The present work shows the measurement of printable thermoplastics (PLA, ABS, Carbon fiber, Nylon, PETG, HIPS, TPU, and PP) nanoparticles distributions in the additive manufacturing process. The technique used to carry out this inspection was through DHM. Despite the lateral limitations of the microscope, the measurement of the thickness of the film deposited on a glass substrate in the case of PLA and ABS were between 11.5 nm to 96.72 nm, presenting slight variations with the results previously reported [13]; also presenting a relative error of −54.63% and 41.54%, respectively. However, it is important to mention that the differences between the results may be due to the fact that Stephens et al. perform the measurement of the dimensions of the particles in the free state, while this work focuses on the measurement of film, in which the shape of the particle was altered as a result of the adhesion process to the glass substrate. For this reason, we can conclude that the proposed procedure is reliable for the measurement of nanostructures, supporting the area of nanotechnology as an alternative measurement tool. In addition, DHM presents some advantages in comparison with the chromatography equipment [13] or scanning mobility particle sizer coupled with an optical particle spectrometer [14]. The proposal by DHM is a simpler optical setup, is cheaper implementation, and is more compact size system than used in references [13,14].

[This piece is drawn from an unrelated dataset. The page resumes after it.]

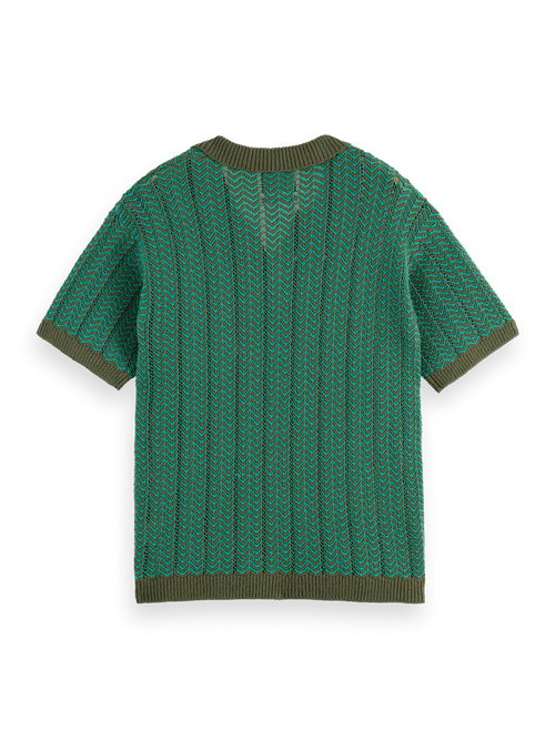A modern interpretation of knitwear, this open-textured polo features a refined v-neck and a breathable, lightweight feel.

Additionally, the importance of conducting research related to nanoparticles’ presence in the FDM lies in the effects produced when they enter the human body. This is due to their ease of lodgment into the lungs, alveoli, and respiratory tract [14,15]. Thus, causing health conditions as translocation of these thin materials to the brain through the olfactory nerve, cardiorespiratory problems, cardiovascular accidents, asthma symptoms, and even death [21,43,44].

Finally, regarding the health issue, there are specific measures which can significantly mitigate the dangers derived from the exposure of nanoparticles and gases derived from thermal processing of plastics, as has been proven in industrial activities such as plastic injection. Being in the first place, the control of the temperatures for plastic handling; as well as the presence of proper ventilation in the thermal processes which materials are subjected, implementing local exhaust ventilation (LEV) for those areas where high emissions occur [43,44].